= Tom Rowe (musician) =

American singer

Thomas Joseph Rowe (November 4, 1950, Lewiston, Maine – January 17, 2004, Portland, Maine) was the bass player and a singer in the folk trios Schooner Fare and Turkey Hollow. He was noted for playing a model XL2 Steinberger bass guitar. Born to Charles "Bud" Rowe, and his wife, Thoma, he had two brothers named Russ and Chuck, and a sister named Shirley. He went to school in Auburn, Maine and graduated from Edward Little High School as part of the class of 1969. He majored in Music Education at Gorham State College, now the University of Southern Maine, though never graduated. In 1975, Rowe joined the Maine folk/rock group Devonsquare. Three months after joining, the band split into two separate groups, and he went along with Steve and Chuck Romanoff, to form Schooner Fare. As part of the band, Tom sang and played electric bass, pennywhistle, and sometimes guitar. He also wrote a number of songs for the band, which included "Salt Water Farm," "Big House, Middle House, Back House, Barn," "John Cook," "The Royal Tar," and "Way Down Below."

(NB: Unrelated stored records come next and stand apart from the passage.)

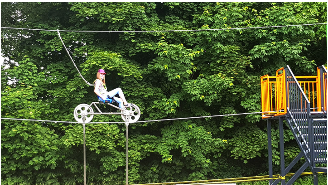
Wiszący rower

- Pod rowerem zawieszony jest ciężar, który powoduje znaczne obniżenie środka ciężkości i przez to zapewnia stabilność całego układu. Osoba jadąca na rowerze nie jest w stanie ani z niego spaść, ani go przewrócić. Zresztą podwieszamy ją wcześniej na linie, ale tylko na wypadek, gdyby w pewnym momencie sama zechciała zeskoczyć.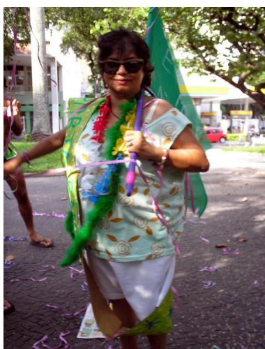
Samba no pé da porta-bandeira

Este ano a comemoração do Carnaval no Casa Verde foi inédita: fizemos uma marchinha sobre a casa, nos fantasiamos, tivemos porta-bandeira e mestre-sala, rainha da bateria e até comissão de frente! Saímos todos muito animados pelas redondezas da casa e no final invadimos o Supermercado Sendas e a Escola de Dança Angel Vianna, deixando todo mundo de boca aberta com a nossa animação! Todos se divertiram! Contamos com a participação de todos no ano que vem!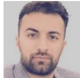
Pekerman Robin Haci SP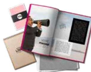
Impressions tous supports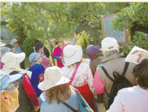
▲市民へ市の歴史文化を説明する文化財ガイド。

文化課の主催するガイド養成講座を受講し、宜野湾市の歴史・文化に関する知識を問う試験、実際にガイドを行う実地試験に合格する必要があります。平成16年度に1期生、平成27年度に2期生を養成しました。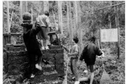
中学生による文化財の清掃活動(杵築市)

見学者のアクセスを考慮した案内板の整備と統一したデザインの説明板作製を関係部局と連携して行います。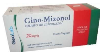
6759-Gino Mizonol cr vag 80mg c/14 aplicadores Referência: Daktarin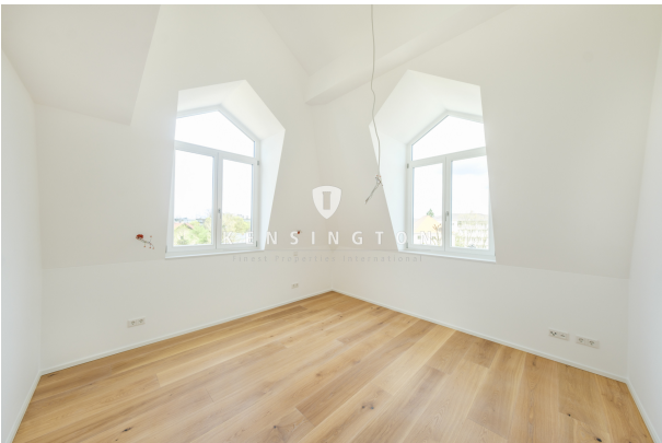
helles Schlafzimmer mit hohen Decken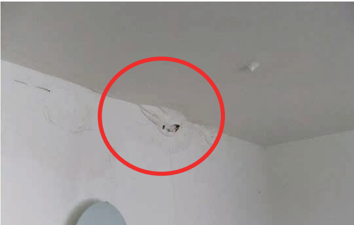
Infiltration d'eau sous la peinture

Dans les endroits où il y a un excès d'humidité, on peut souvent remarquer des traces de moisissures sur les murs et plafonds. En général, on en retrouvera dans le bas des murs (sur les plinthes) ou dans les coins (coins de murs et coins entre le mur et le plafond). Pour plus d'informations sur les moisissures, consultez la fiche 2.5.12.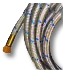
Schlauch mit Sicherheitsummantelung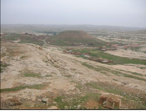
Resim 1. Soğmatar Kült Alanının ve Höyüğü'nün Batıdan Görünümü.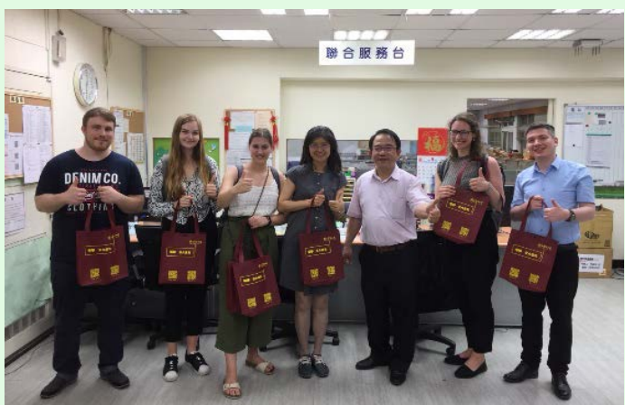
圖 8 拜訪臺北中心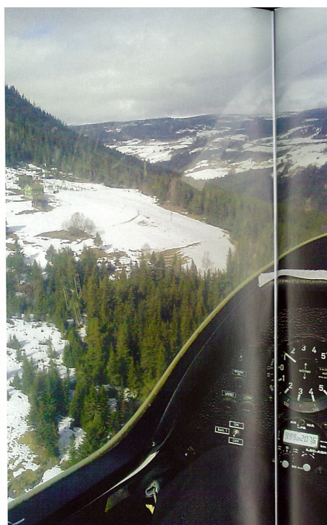
Vanlig utsikt under hangflyging.

ved å sende en elev for tidlig på enseter, og han så ingen grunn til å gjøre det igjen. Derimot skulle jeg få fly solo med ASK 21 som jeg da allerede hadde 12 soloturer med.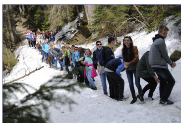
Uczniowie podczas rzuca- nia śnieżkami.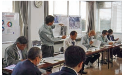
鹿島港保安委員会構成員会議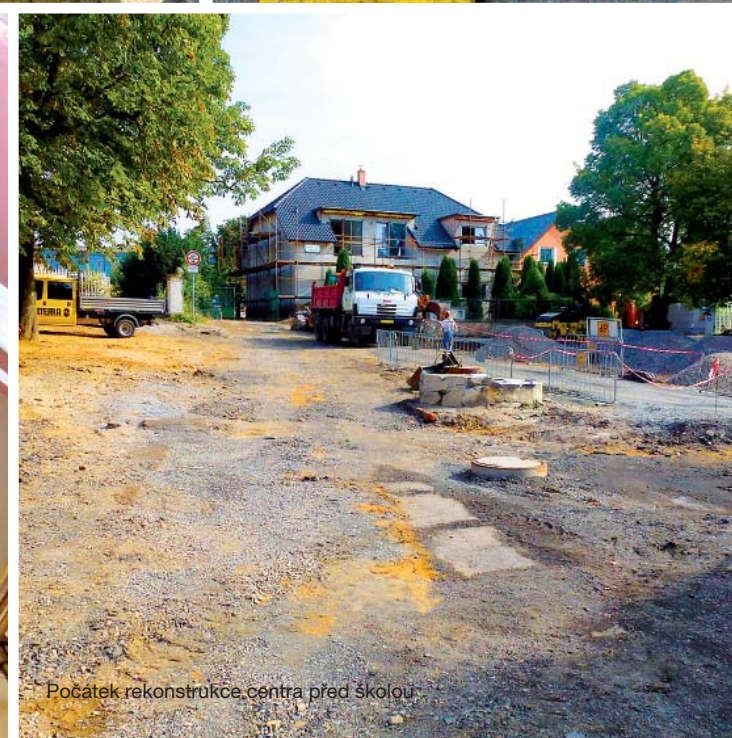
Počátek rekonstrukce centra před školou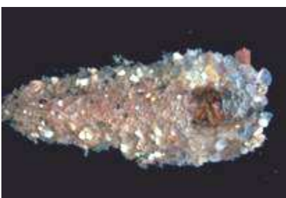
Molanna - do 1,5 cm boční křídla schránky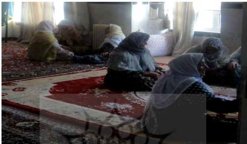
منبع: مریم بیان علایی حسینی، بهار ۱۳۹۰

عکس ۳: زنان در حال گفتگوهای دوستانه در حاشیه مراسم، خانقاه شیخ محمد بهاء‌الدین نقشبندی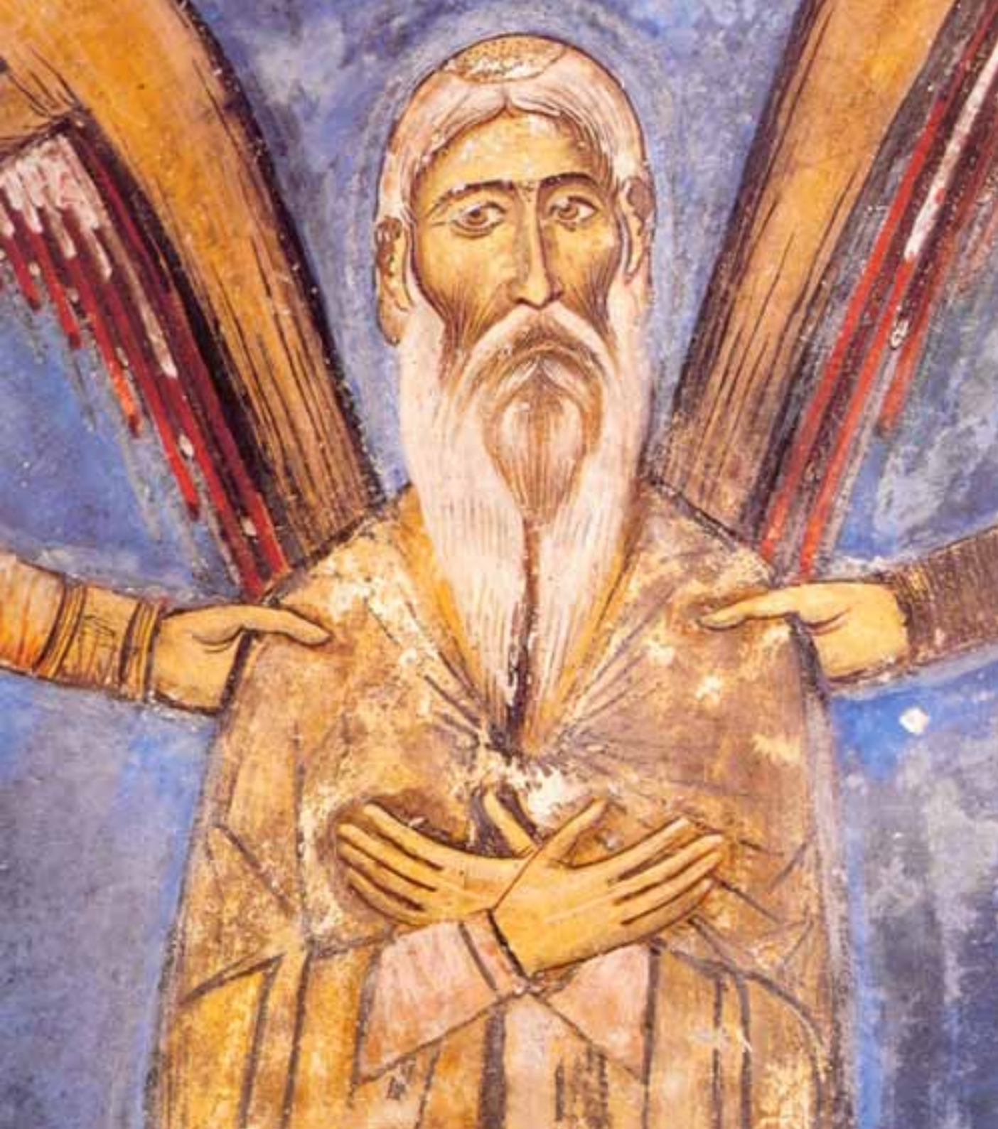
Άγιος Νεόφυτος ο Έγκλειστος (Τοιχογραφία 1183), Ιερό Εγκλείστρας, Μονή Αγίου Νεοφύτου, Πάφος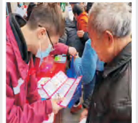
12月1日前后，通江县围绕“生命至上 终结艾滋 健康平等”和“防治性病、促进生殖健康”两个主题开展了一系列宣传活动。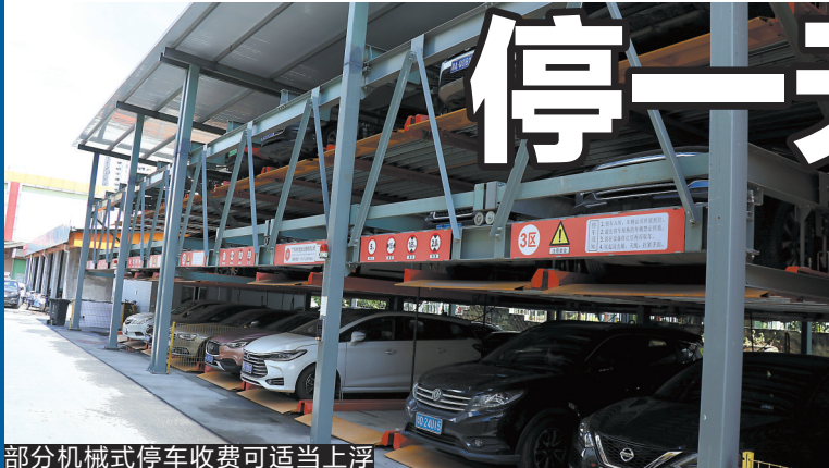
部分机械式停车收费可适当上浮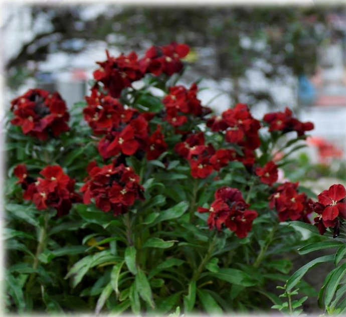
Giroflée ravenelle red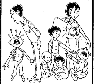
王家夫婦 孩子太多 生活痛苦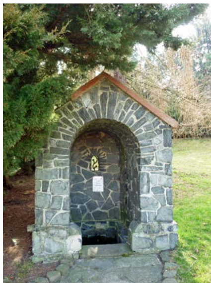
Studánka do které byl sveden léčivý pramen u kostomlatské mariánské kapličky

Tato kaple je delší dobu ve špatném stavu, zejména je zde problém s vodou pod celou stavbou. Obec Kostomlaty projevila zájem o převod kaple s přilehlým pozemkem do svého vlastnictví. V loňském roce došlo k převodu a obec nechala vypracovat projektovou dokumentaci. V letošním roce se již provádějí stavební práce v celkové hodnotě 900 000 Kč. Jedná se o opravu vnějších částí kaple, provedení drenáže a uvnitř rekonstrukce kanálků na vodu od pramene do přilehlé kamenné stavbičky a rekonstrukce podlahy. V příštím roce je plánovaná oprava vnitřní části kaple. Již delší dobu je zrestaurován zmiňovaný obraz P. Marie Pomocné a zatím je umístěn v místním kostele sv. Vavřince. V příštím roce, pokud se podaří zrestaurovat i oltář, by se mohl obraz vrátit na své místo do kaple.

In 1991 Rowe released a solo album titled "Whistle Up a Storm," much of which he recorded with his son, Dave Rowe, at the controls. (Note: In addition to Dave, Tom has four daughters: Erikka, Marin, Summer, and Toni Lyn.) In 1992 Tom and son formed Rowe by Rowe. After six years as a duo, Rowe by Rowe added Rowe's longtime friend Denny Breau, to form Turkey Hollow Consort; later called simply Turkey Hollow. He was diagnosed with throat cancer in November 2003, and died on January 17, 2004, due to complications from the cancer treatment. Rowe was awarded the Kate Wolf Memorial Award posthumously by the World Folk Music Association in 2004.

Schooner Fare continues to perform: the Romanoff brothers decided against replacing him, and perform now as a duo. Turkey Hollow continued together for about two more years, but subsequently disbanded. Since then, Dave Rowe continues to perform as a soloist.